TASK BRIEF =
The output is the lines below from the one with "1. Remove fuel" through the one with "Melton-kattovalaisin vie ajatukset", both included, printed exactly and with no other line.

SUPPLIED DATA =

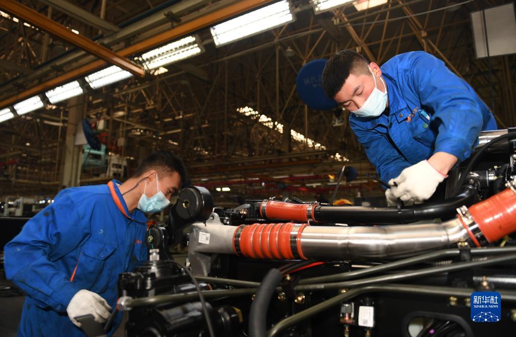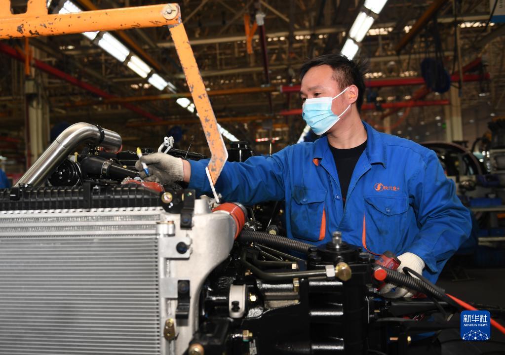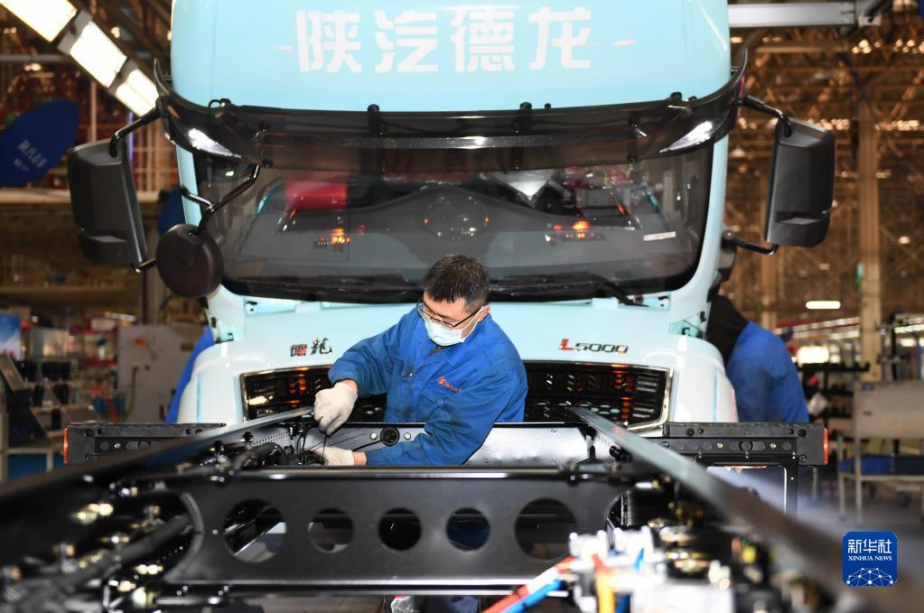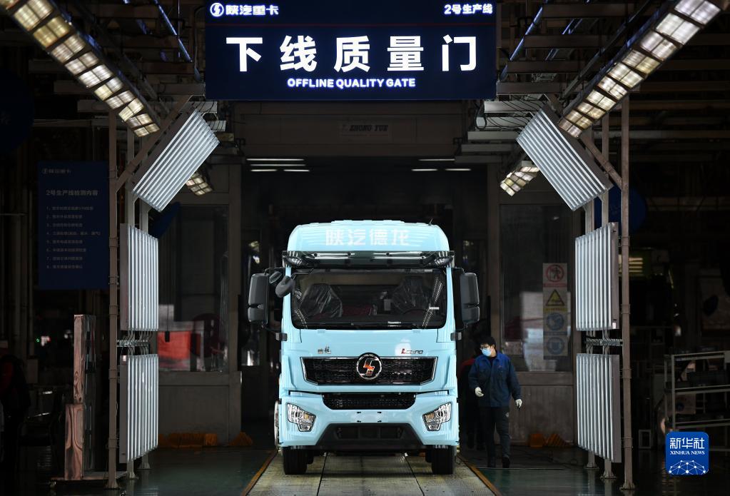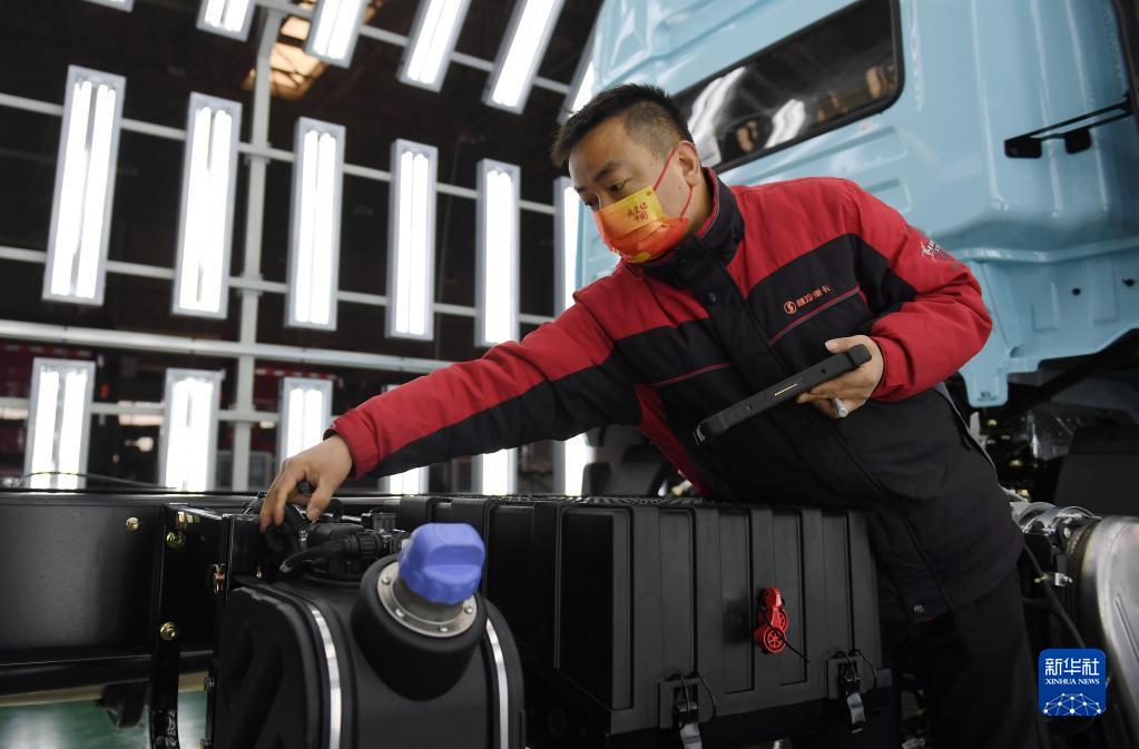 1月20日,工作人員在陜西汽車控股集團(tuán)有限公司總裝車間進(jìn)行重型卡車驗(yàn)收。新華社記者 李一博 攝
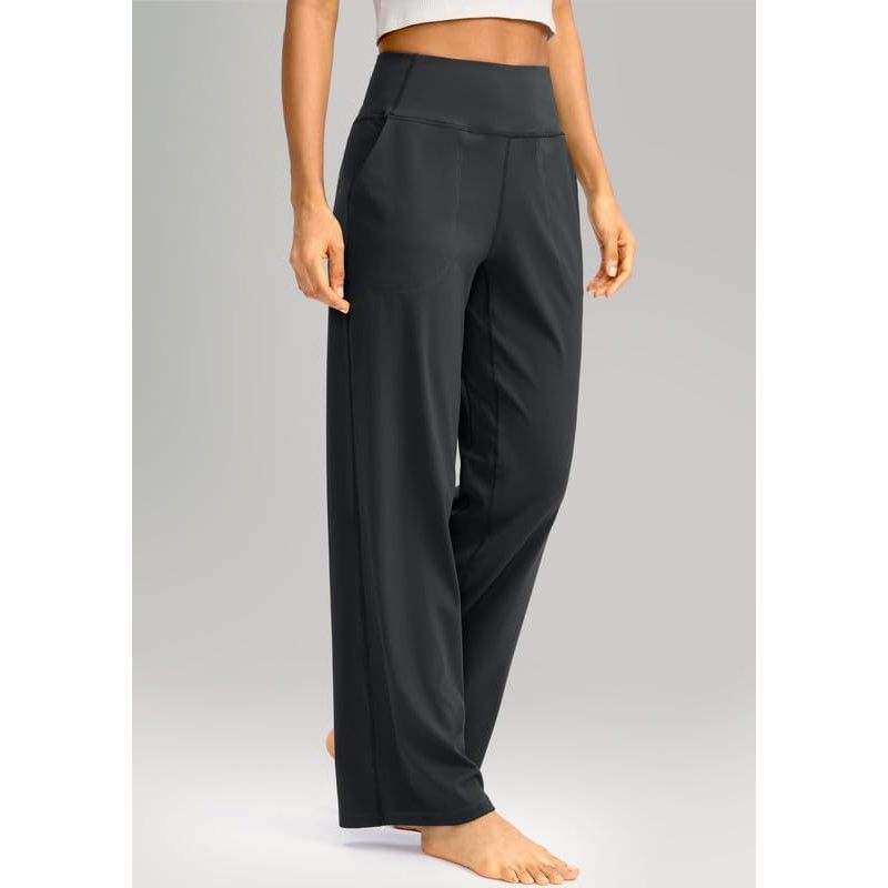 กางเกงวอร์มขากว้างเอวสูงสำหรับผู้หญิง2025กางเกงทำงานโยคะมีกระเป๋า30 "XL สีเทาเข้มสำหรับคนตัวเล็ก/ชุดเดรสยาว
==
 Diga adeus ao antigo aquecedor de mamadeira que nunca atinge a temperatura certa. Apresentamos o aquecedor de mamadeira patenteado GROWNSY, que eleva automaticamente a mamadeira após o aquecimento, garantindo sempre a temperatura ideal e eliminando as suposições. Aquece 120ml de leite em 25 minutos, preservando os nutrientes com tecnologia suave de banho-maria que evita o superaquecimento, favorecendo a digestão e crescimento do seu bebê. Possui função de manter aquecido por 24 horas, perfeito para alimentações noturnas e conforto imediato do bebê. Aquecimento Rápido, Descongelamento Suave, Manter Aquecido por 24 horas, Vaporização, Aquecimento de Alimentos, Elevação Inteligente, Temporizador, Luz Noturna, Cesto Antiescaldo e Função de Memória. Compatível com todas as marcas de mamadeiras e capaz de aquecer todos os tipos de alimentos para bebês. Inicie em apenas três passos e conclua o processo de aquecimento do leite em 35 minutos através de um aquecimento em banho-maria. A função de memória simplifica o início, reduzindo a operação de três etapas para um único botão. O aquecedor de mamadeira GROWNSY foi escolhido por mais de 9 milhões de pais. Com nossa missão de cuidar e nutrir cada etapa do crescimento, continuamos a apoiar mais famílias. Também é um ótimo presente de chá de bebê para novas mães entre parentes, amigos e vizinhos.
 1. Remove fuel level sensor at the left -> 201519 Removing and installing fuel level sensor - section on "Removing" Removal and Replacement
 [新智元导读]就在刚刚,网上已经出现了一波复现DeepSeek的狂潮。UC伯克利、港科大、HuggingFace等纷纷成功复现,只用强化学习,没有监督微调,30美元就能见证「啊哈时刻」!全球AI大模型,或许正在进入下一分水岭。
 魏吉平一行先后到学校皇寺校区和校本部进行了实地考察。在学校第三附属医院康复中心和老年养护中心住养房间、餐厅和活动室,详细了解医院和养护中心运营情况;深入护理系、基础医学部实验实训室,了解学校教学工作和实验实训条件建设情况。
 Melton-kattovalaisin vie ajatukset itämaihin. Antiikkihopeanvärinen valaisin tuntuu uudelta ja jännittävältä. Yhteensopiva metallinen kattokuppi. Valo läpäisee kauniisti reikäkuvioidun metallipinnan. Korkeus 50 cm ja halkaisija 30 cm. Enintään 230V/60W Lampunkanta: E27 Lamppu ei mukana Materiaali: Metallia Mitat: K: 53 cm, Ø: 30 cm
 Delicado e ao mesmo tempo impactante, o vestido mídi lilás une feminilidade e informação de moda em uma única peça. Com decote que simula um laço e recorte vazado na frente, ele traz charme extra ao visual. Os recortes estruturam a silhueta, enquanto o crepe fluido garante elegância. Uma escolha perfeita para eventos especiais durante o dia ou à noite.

ANSWER BELOW =
 1. Remove fuel level sensor at the left -> 201519 Removing and installing fuel level sensor - section on "Removing" Removal and Replacement
 [新智元导读]就在刚刚,网上已经出现了一波复现DeepSeek的狂潮。UC伯克利、港科大、HuggingFace等纷纷成功复现,只用强化学习,没有监督微调,30美元就能见证「啊哈时刻」!全球AI大模型,或许正在进入下一分水岭。
 魏吉平一行先后到学校皇寺校区和校本部进行了实地考察。在学校第三附属医院康复中心和老年养护中心住养房间、餐厅和活动室,详细了解医院和养护中心运营情况;深入护理系、基础医学部实验实训室,了解学校教学工作和实验实训条件建设情况。
 Melton-kattovalaisin vie ajatukset itämaihin. Antiikkihopeanvärinen valaisin tuntuu uudelta ja jännittävältä. Yhteensopiva metallinen kattokuppi. Valo läpäisee kauniisti reikäkuvioidun metallipinnan. Korkeus 50 cm ja halkaisija 30 cm. Enintään 230V/60W Lampunkanta: E27 Lamppu ei mukana Materiaali: Metallia Mitat: K: 53 cm, Ø: 30 cm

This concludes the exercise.